• _Work item_
Omit the pictures and return exactly the stretch of the material below from the line with "她配文寫下「我全世界最好的壹" through the line with "Black Stripe Detail".

• _Data supplied_
——————————

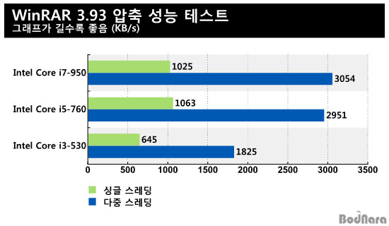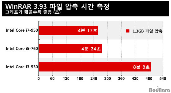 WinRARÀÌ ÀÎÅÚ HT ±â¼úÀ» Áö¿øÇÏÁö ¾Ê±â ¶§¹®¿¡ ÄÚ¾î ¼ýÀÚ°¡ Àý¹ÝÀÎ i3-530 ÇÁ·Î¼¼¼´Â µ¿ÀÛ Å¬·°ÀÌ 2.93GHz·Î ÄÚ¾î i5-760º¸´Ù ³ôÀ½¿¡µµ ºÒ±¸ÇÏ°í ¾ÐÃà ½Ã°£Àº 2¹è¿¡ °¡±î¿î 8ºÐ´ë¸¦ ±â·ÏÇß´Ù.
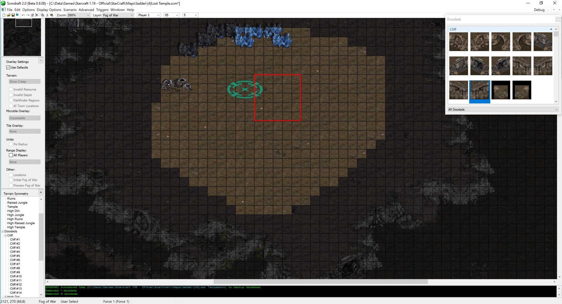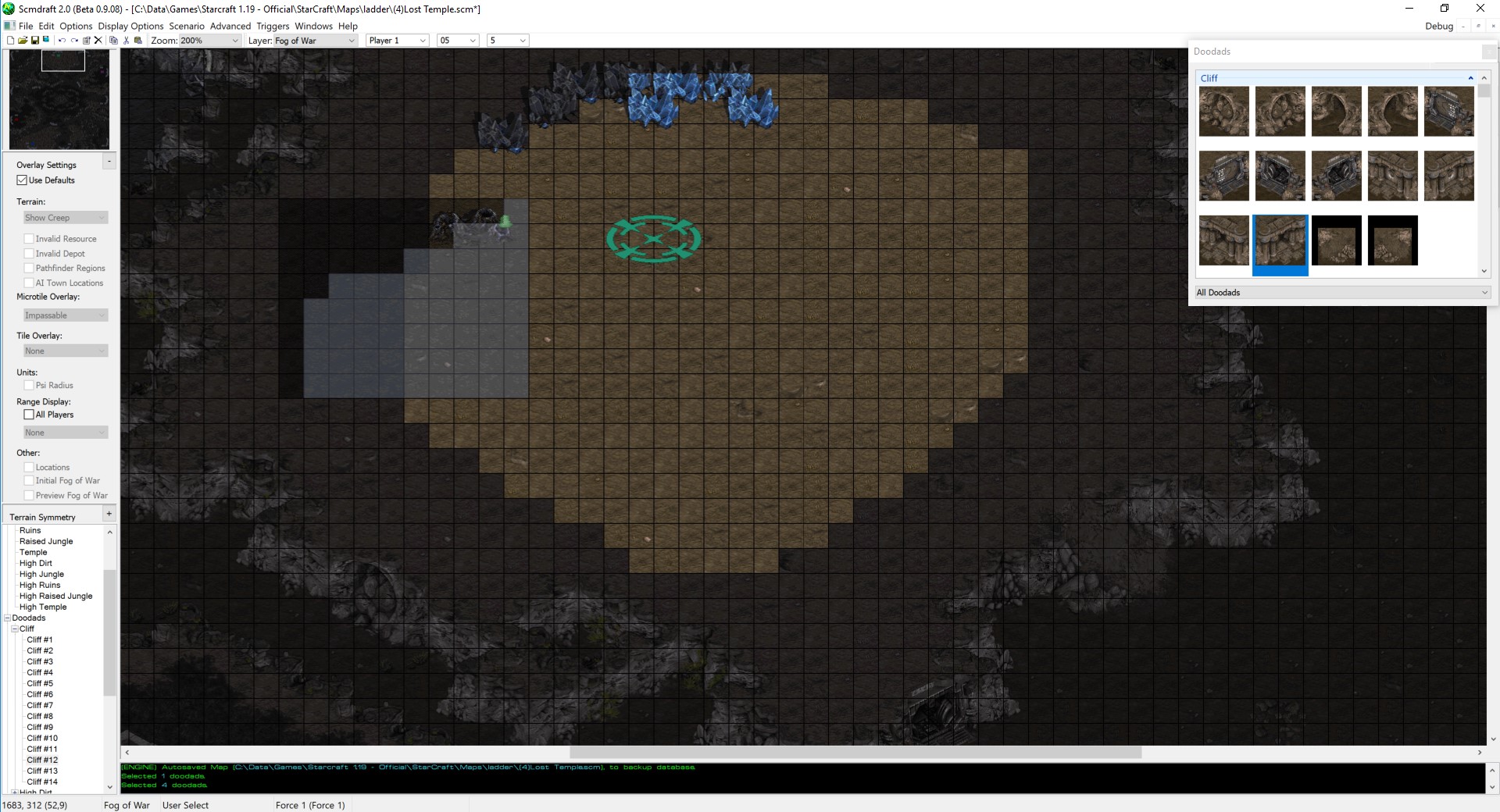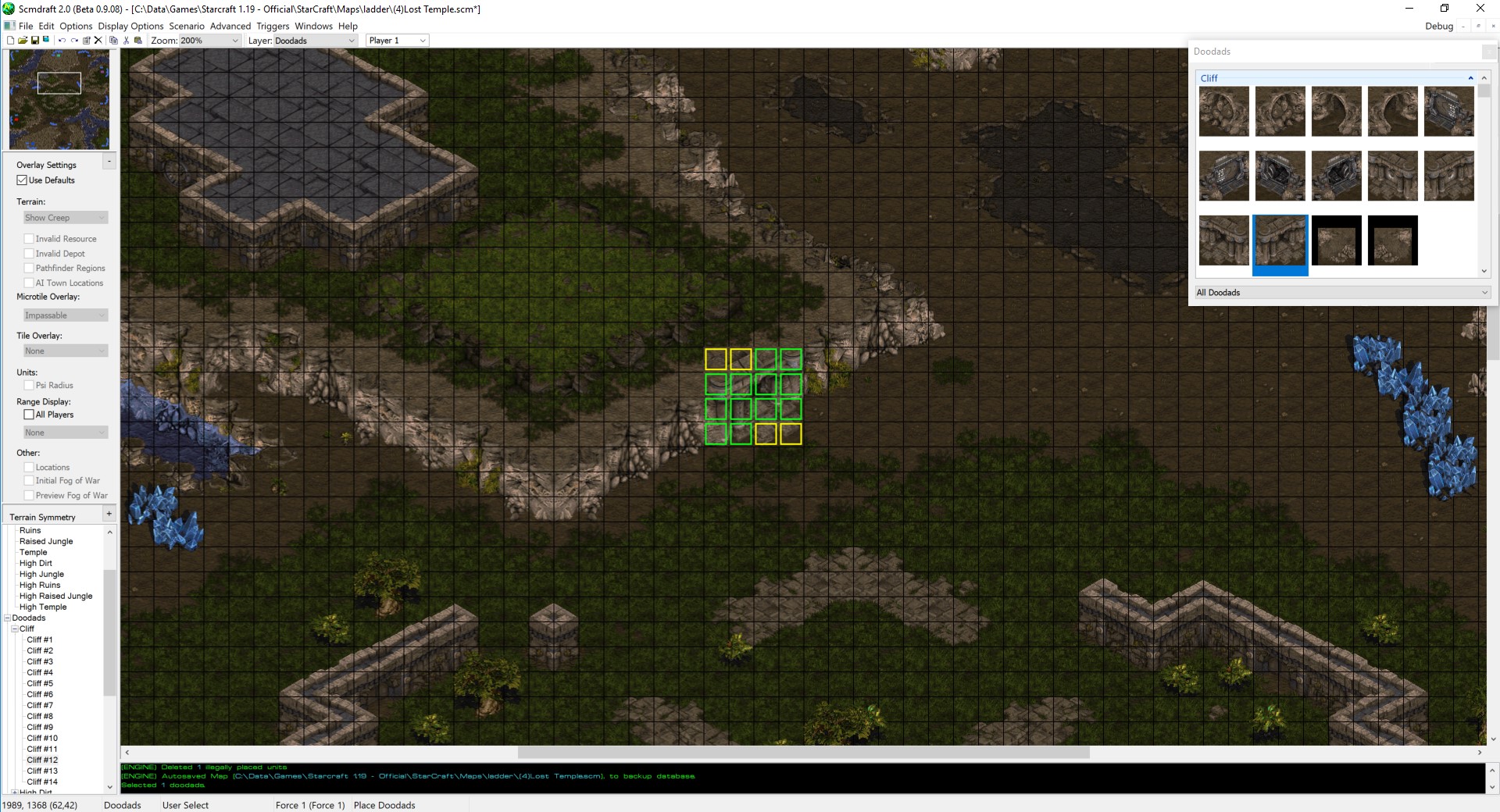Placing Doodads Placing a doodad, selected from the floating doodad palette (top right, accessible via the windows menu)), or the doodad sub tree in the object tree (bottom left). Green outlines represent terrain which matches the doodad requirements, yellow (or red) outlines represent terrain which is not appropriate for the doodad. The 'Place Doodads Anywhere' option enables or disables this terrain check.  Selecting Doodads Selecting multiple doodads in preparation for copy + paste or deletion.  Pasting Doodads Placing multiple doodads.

——————————

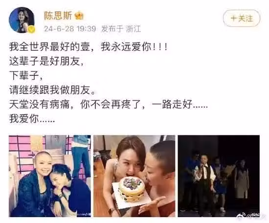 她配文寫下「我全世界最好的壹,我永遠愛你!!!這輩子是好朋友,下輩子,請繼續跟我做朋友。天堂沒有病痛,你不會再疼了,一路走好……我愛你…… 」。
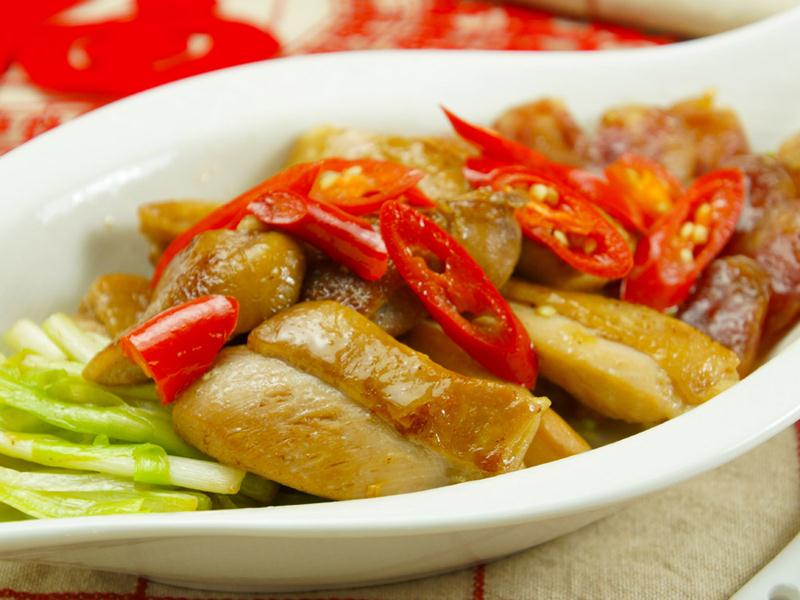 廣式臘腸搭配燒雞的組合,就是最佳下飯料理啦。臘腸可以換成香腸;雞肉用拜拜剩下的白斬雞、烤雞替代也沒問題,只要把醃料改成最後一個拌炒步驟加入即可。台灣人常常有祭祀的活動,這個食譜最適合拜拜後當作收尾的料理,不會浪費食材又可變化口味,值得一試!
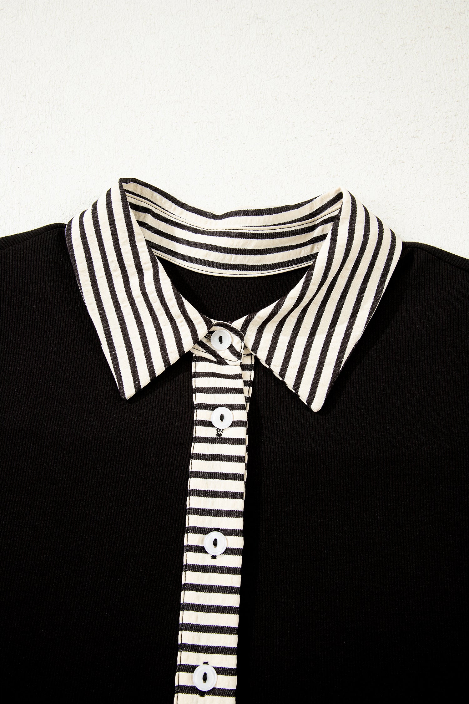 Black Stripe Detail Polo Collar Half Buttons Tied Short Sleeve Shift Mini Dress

——————————

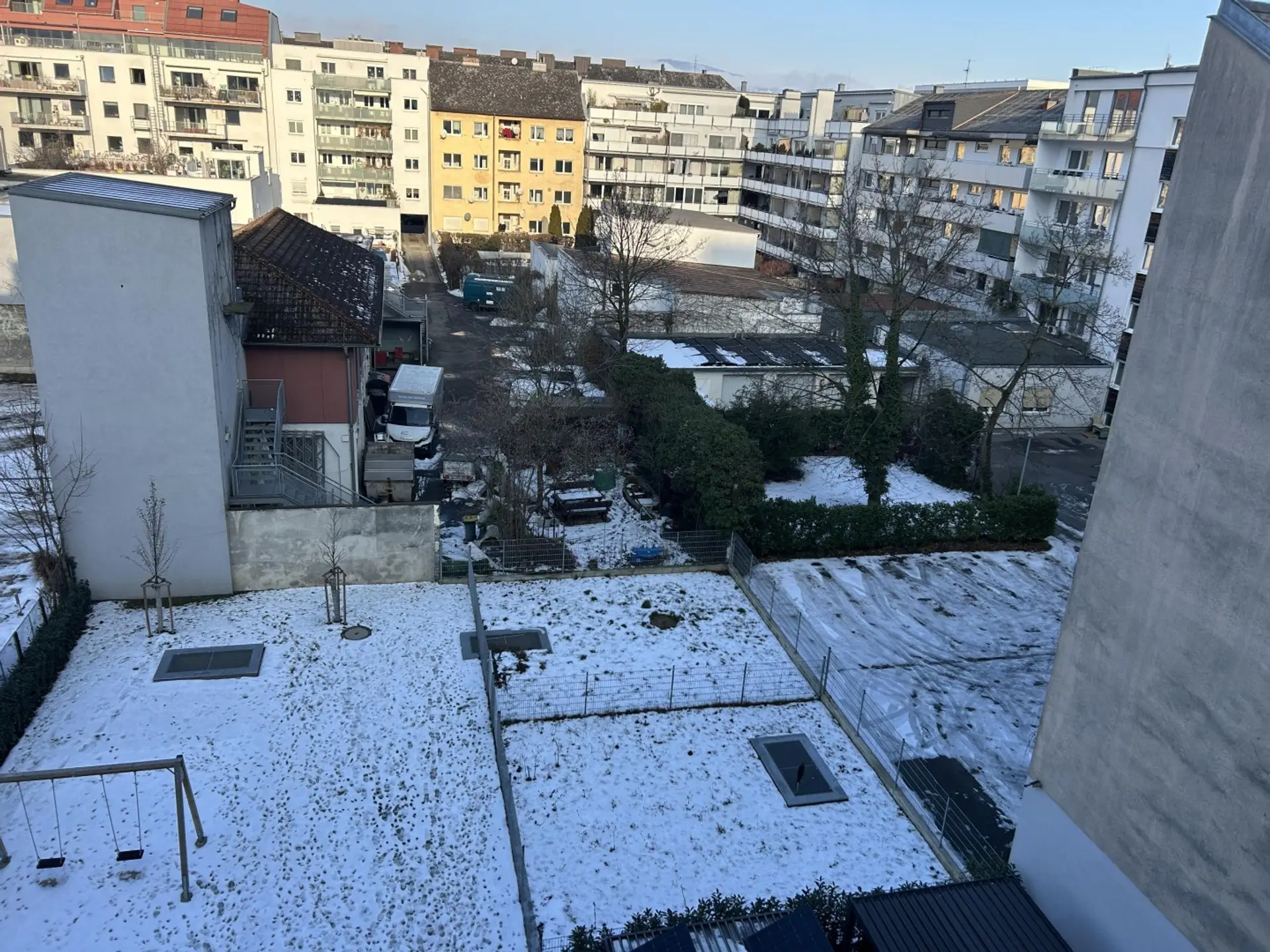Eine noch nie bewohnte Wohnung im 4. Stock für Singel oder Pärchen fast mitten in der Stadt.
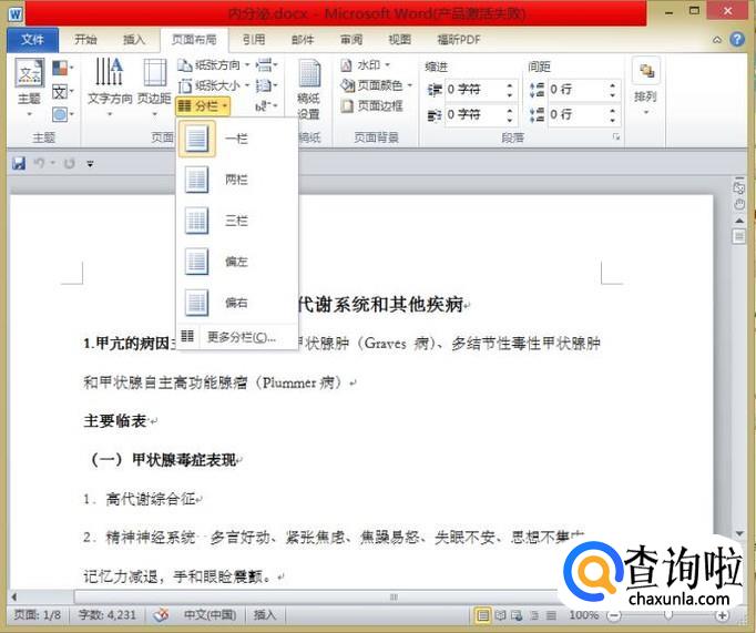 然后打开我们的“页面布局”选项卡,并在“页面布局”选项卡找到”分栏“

——————————

• _Answer for the task_
 她配文寫下「我全世界最好的壹,我永遠愛你!!!這輩子是好朋友,下輩子,請繼續跟我做朋友。天堂沒有病痛,你不會再疼了,一路走好……我愛你…… 」。
 廣式臘腸搭配燒雞的組合,就是最佳下飯料理啦。臘腸可以換成香腸;雞肉用拜拜剩下的白斬雞、烤雞替代也沒問題,只要把醃料改成最後一個拌炒步驟加入即可。台灣人常常有祭祀的活動,這個食譜最適合拜拜後當作收尾的料理,不會浪費食材又可變化口味,值得一試!
 Black Stripe Detail Polo Collar Half Buttons Tied Short Sleeve Shift Mini Dress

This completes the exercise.